*Assignment:*
Up to and including the line bearing "Ce samedi et", output every line of the entries exactly as written, starting from the first; pictures stay out.

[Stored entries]
==*==
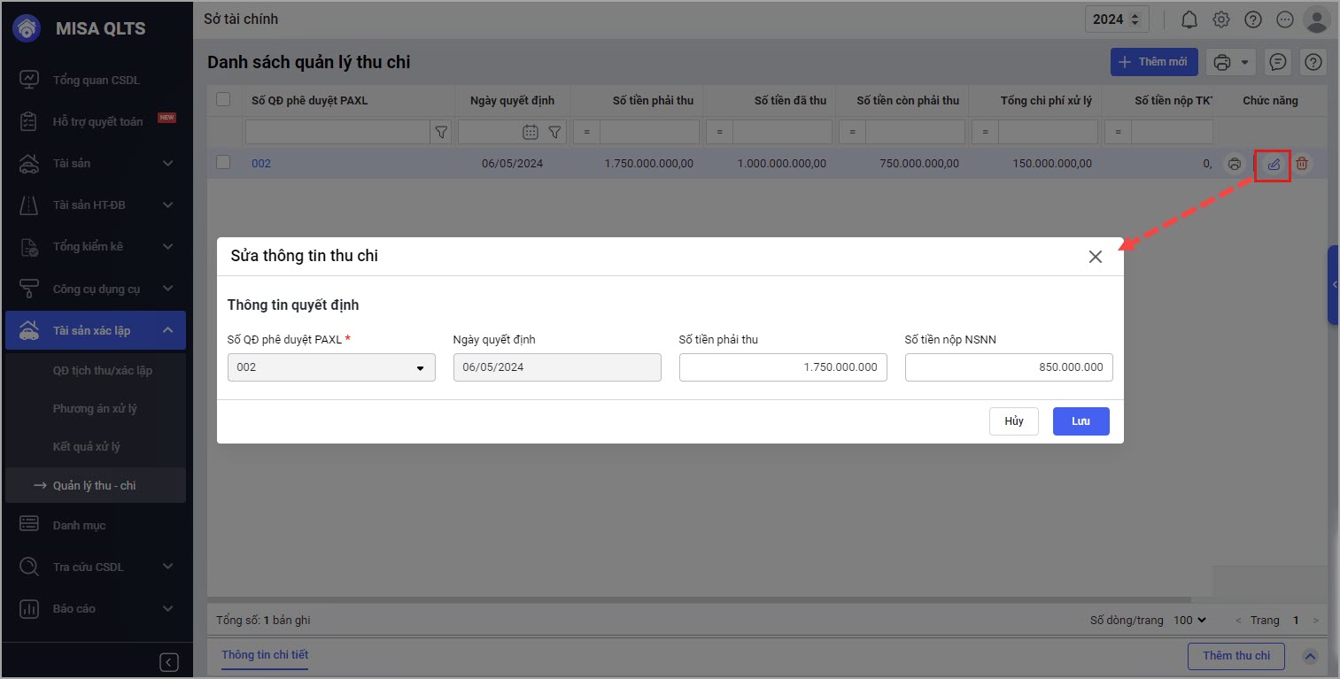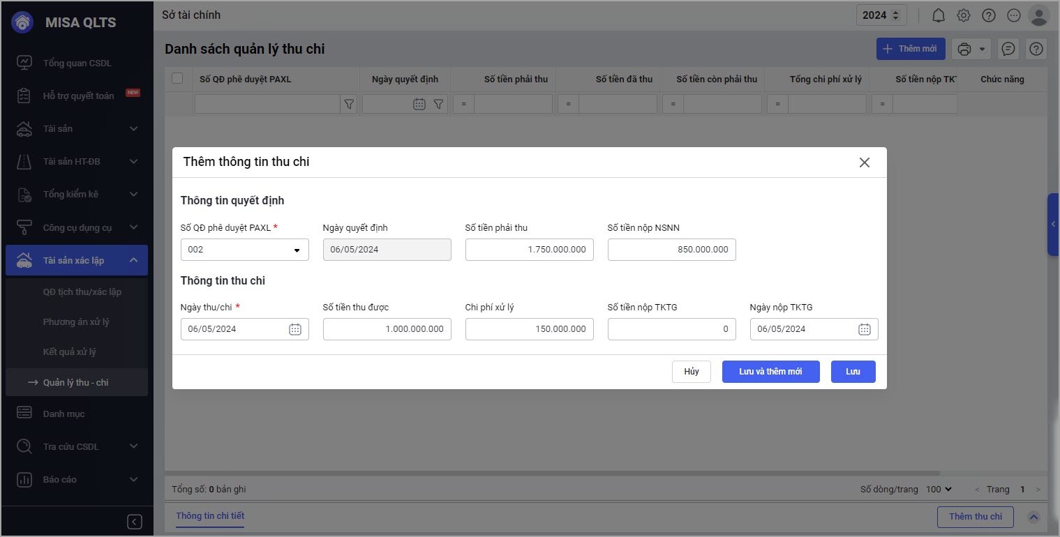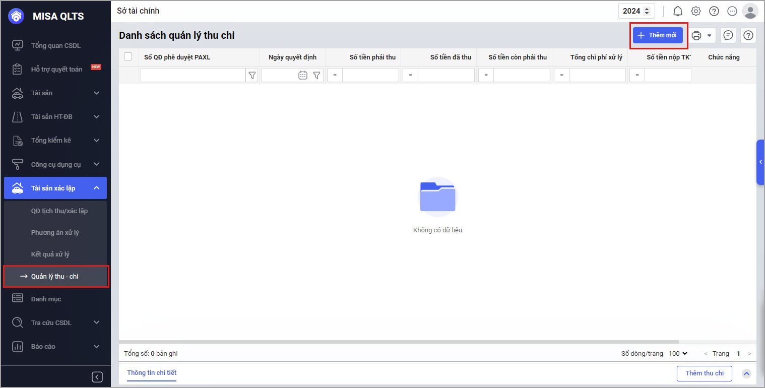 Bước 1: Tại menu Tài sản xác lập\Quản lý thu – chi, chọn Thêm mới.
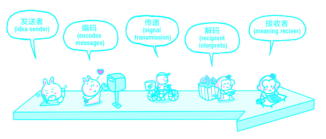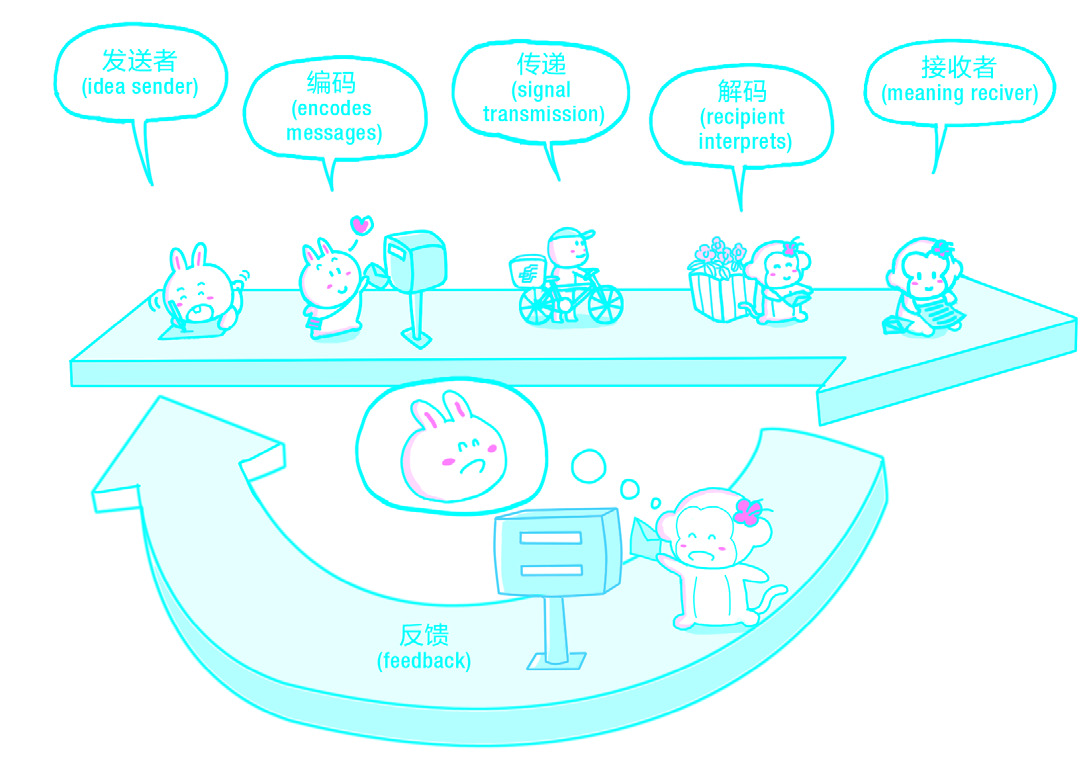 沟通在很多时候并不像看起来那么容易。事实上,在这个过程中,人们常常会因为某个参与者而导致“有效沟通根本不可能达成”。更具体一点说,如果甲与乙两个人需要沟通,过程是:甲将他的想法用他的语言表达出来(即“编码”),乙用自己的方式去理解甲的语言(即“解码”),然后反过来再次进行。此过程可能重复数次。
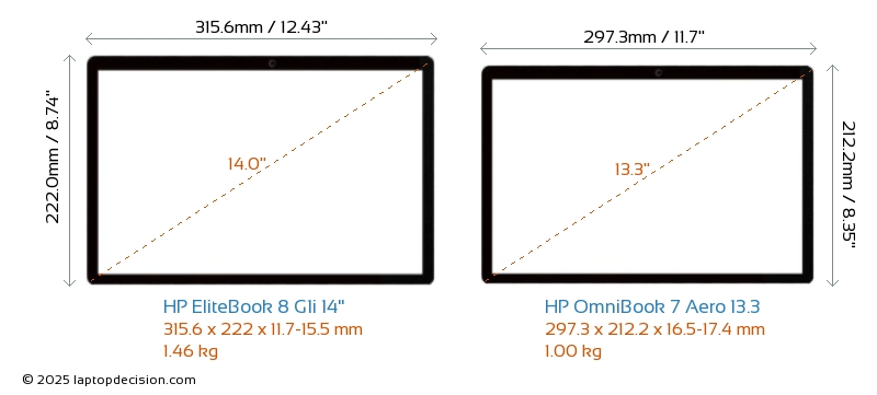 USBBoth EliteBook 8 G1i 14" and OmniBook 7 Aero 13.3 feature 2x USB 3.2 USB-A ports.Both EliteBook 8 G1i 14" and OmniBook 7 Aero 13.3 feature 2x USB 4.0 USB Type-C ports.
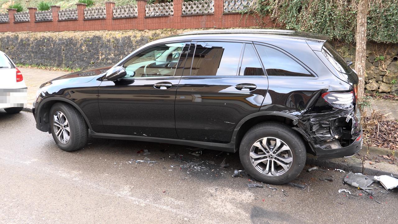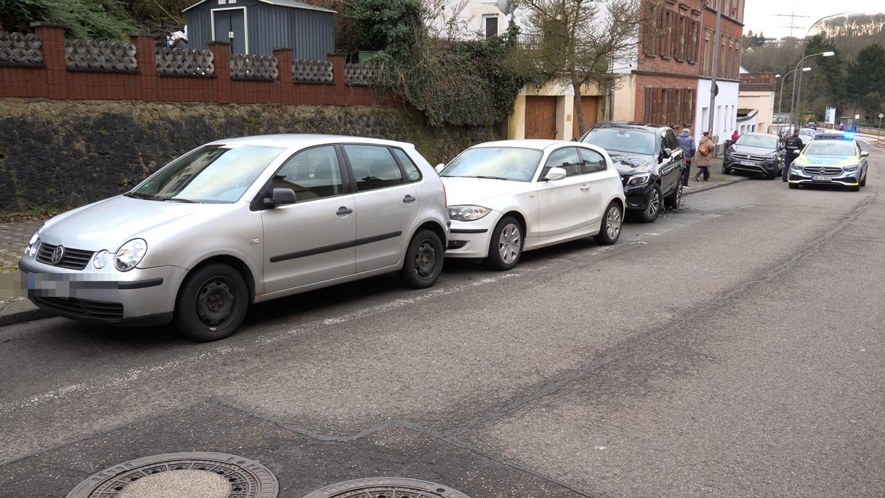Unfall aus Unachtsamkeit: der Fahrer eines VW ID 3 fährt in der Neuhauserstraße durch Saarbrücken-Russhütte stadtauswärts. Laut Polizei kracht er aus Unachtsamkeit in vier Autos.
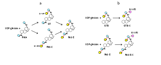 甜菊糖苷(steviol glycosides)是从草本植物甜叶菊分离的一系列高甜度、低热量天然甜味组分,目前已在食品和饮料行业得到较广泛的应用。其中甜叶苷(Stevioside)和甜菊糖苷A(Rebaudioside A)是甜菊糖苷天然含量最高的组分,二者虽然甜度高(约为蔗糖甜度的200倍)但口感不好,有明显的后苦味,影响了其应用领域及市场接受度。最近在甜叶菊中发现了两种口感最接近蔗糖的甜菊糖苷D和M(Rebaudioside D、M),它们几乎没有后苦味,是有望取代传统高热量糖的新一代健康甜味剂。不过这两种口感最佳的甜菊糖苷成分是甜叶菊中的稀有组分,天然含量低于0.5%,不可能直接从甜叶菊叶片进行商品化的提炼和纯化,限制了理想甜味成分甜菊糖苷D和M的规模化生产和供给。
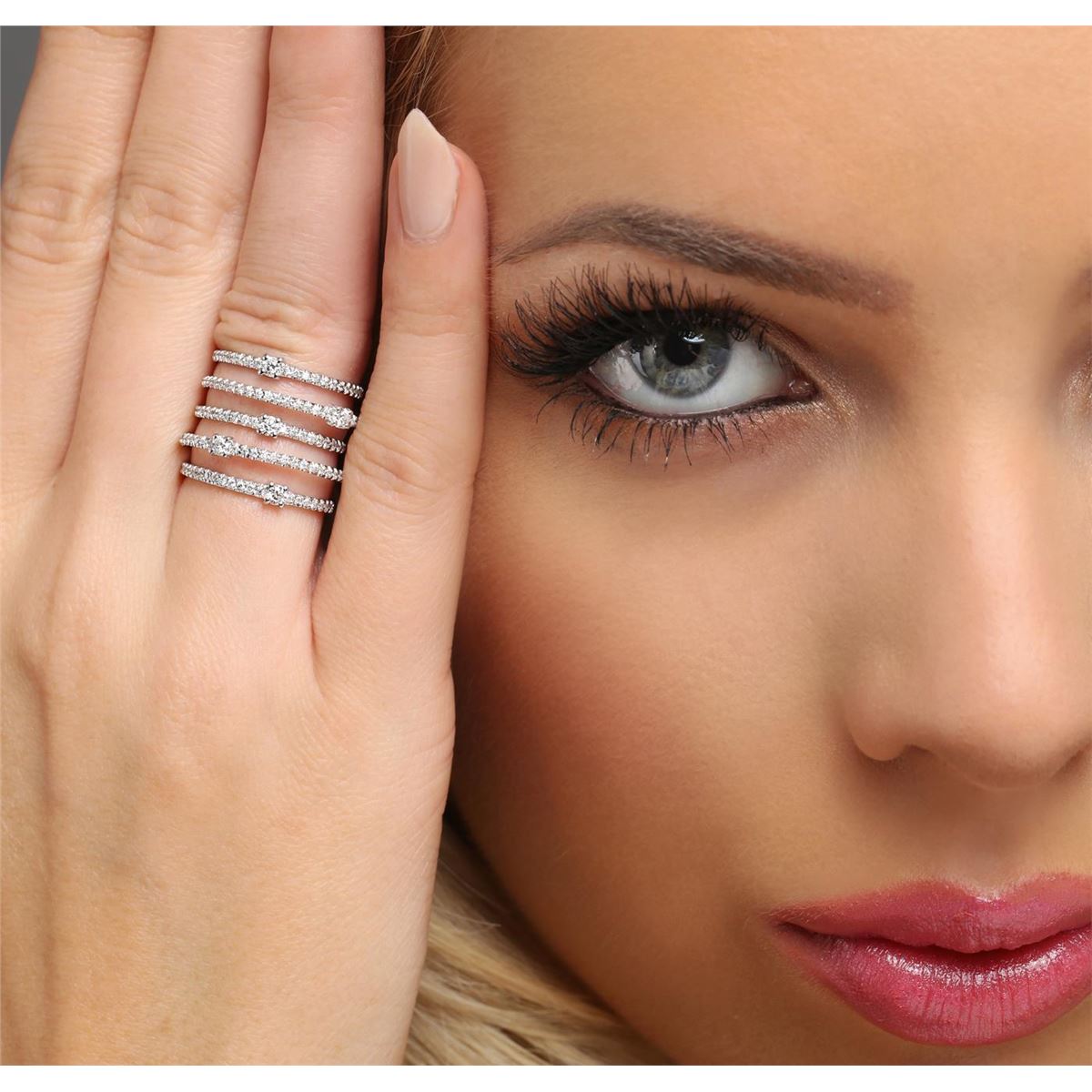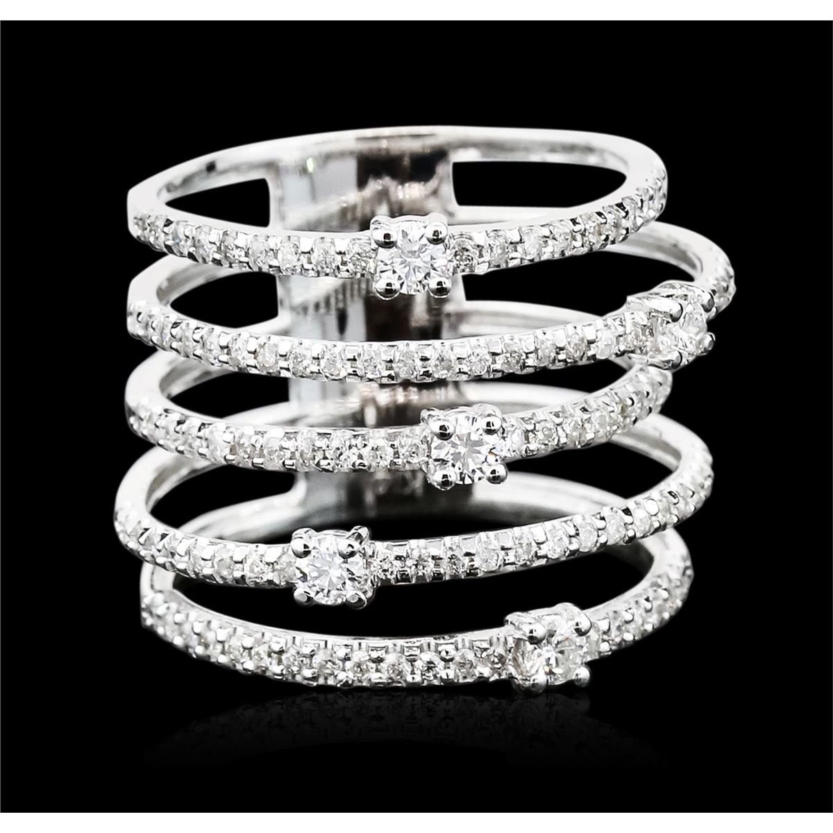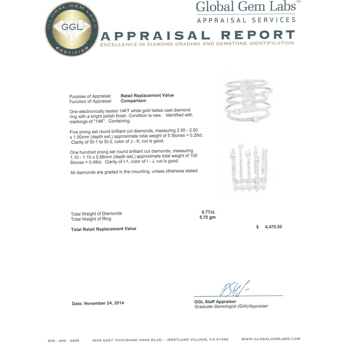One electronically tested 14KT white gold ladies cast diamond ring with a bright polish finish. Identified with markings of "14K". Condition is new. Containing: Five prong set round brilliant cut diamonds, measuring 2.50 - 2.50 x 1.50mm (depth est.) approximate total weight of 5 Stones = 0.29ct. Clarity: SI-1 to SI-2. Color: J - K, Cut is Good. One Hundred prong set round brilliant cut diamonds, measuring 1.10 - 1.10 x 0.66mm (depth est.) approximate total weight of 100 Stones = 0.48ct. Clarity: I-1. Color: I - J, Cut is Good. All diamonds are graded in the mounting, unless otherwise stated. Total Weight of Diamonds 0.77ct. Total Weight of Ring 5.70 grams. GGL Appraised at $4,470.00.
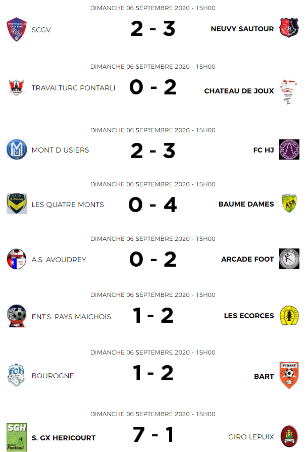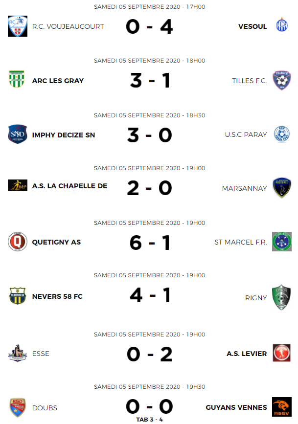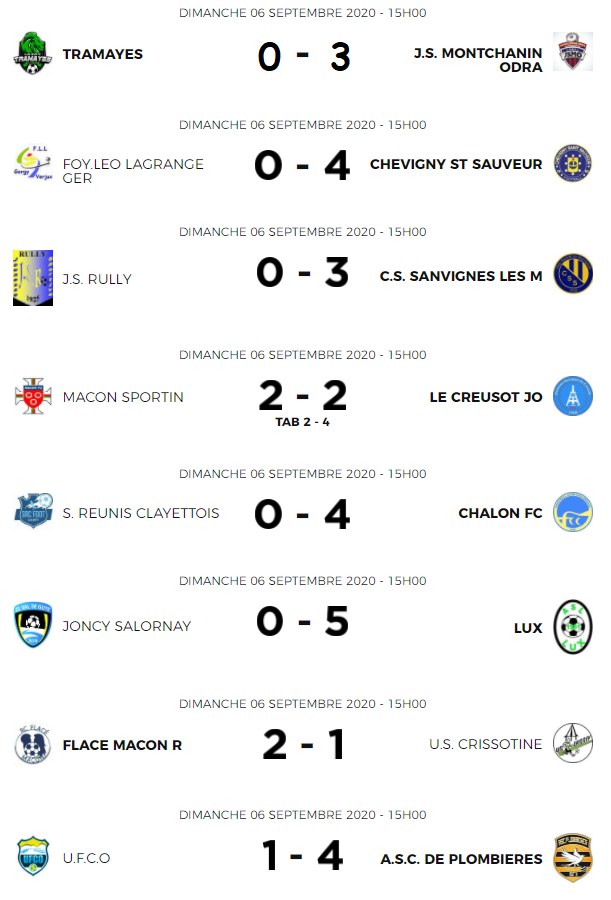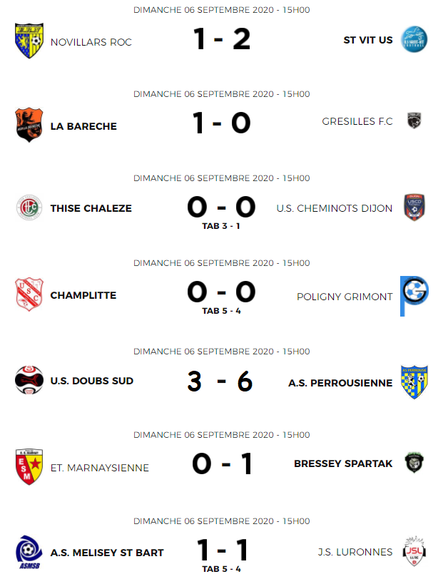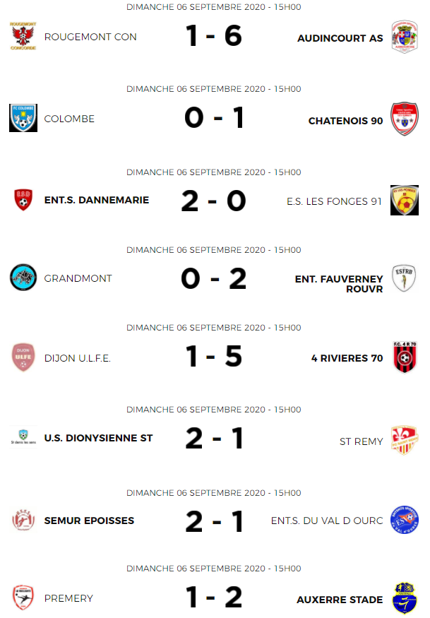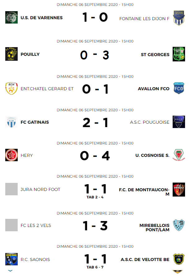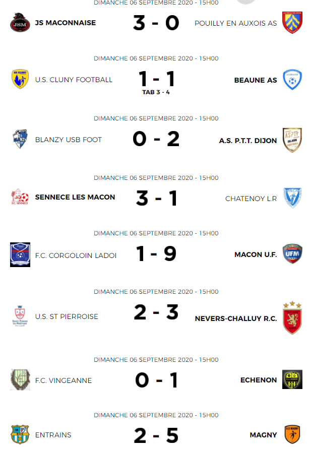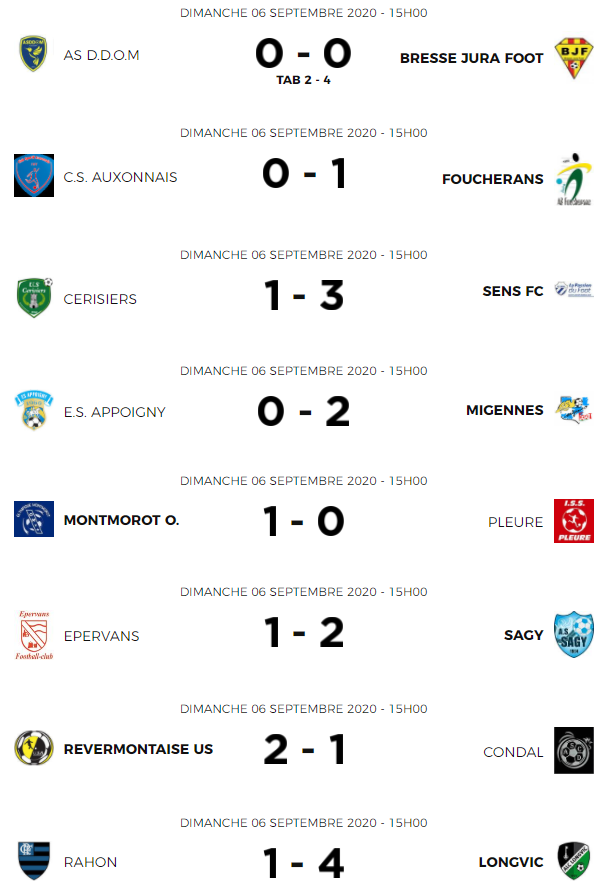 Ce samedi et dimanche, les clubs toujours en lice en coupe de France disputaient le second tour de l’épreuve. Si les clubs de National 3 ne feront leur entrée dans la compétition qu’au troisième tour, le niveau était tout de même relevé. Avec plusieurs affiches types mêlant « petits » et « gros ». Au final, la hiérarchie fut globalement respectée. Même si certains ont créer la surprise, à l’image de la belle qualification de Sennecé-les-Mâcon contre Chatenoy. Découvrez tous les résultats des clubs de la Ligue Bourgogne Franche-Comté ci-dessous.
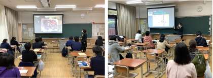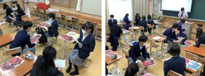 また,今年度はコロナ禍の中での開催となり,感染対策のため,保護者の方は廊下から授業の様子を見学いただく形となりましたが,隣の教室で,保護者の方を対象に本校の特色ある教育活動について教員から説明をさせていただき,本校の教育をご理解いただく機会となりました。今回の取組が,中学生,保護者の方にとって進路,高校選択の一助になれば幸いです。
==*==
*Result below:*
 Bước 1: Tại menu Tài sản xác lập\Quản lý thu – chi, chọn Thêm mới.
 沟通在很多时候并不像看起来那么容易。事实上,在这个过程中,人们常常会因为某个参与者而导致“有效沟通根本不可能达成”。更具体一点说,如果甲与乙两个人需要沟通,过程是:甲将他的想法用他的语言表达出来(即“编码”),乙用自己的方式去理解甲的语言(即“解码”),然后反过来再次进行。此过程可能重复数次。
 USBBoth EliteBook 8 G1i 14" and OmniBook 7 Aero 13.3 feature 2x USB 3.2 USB-A ports.Both EliteBook 8 G1i 14" and OmniBook 7 Aero 13.3 feature 2x USB 4.0 USB Type-C ports.
Unfall aus Unachtsamkeit: der Fahrer eines VW ID 3 fährt in der Neuhauserstraße durch Saarbrücken-Russhütte stadtauswärts. Laut Polizei kracht er aus Unachtsamkeit in vier Autos.
 甜菊糖苷(steviol glycosides)是从草本植物甜叶菊分离的一系列高甜度、低热量天然甜味组分,目前已在食品和饮料行业得到较广泛的应用。其中甜叶苷(Stevioside)和甜菊糖苷A(Rebaudioside A)是甜菊糖苷天然含量最高的组分,二者虽然甜度高(约为蔗糖甜度的200倍)但口感不好,有明显的后苦味,影响了其应用领域及市场接受度。最近在甜叶菊中发现了两种口感最接近蔗糖的甜菊糖苷D和M(Rebaudioside D、M),它们几乎没有后苦味,是有望取代传统高热量糖的新一代健康甜味剂。不过这两种口感最佳的甜菊糖苷成分是甜叶菊中的稀有组分,天然含量低于0.5%,不可能直接从甜叶菊叶片进行商品化的提炼和纯化,限制了理想甜味成分甜菊糖苷D和M的规模化生产和供给。
One electronically tested 14KT white gold ladies cast diamond ring with a bright polish finish. Identified with markings of "14K". Condition is new. Containing: Five prong set round brilliant cut diamonds, measuring 2.50 - 2.50 x 1.50mm (depth est.) approximate total weight of 5 Stones = 0.29ct. Clarity: SI-1 to SI-2. Color: J - K, Cut is Good. One Hundred prong set round brilliant cut diamonds, measuring 1.10 - 1.10 x 0.66mm (depth est.) approximate total weight of 100 Stones = 0.48ct. Clarity: I-1. Color: I - J, Cut is Good. All diamonds are graded in the mounting, unless otherwise stated. Total Weight of Diamonds 0.77ct. Total Weight of Ring 5.70 grams. GGL Appraised at $4,470.00.
 Ce samedi et dimanche, les clubs toujours en lice en coupe de France disputaient le second tour de l’épreuve. Si les clubs de National 3 ne feront leur entrée dans la compétition qu’au troisième tour, le niveau était tout de même relevé. Avec plusieurs affiches types mêlant « petits » et « gros ». Au final, la hiérarchie fut globalement respectée. Même si certains ont créer la surprise, à l’image de la belle qualification de Sennecé-les-Mâcon contre Chatenoy. Découvrez tous les résultats des clubs de la Ligue Bourgogne Franche-Comté ci-dessous.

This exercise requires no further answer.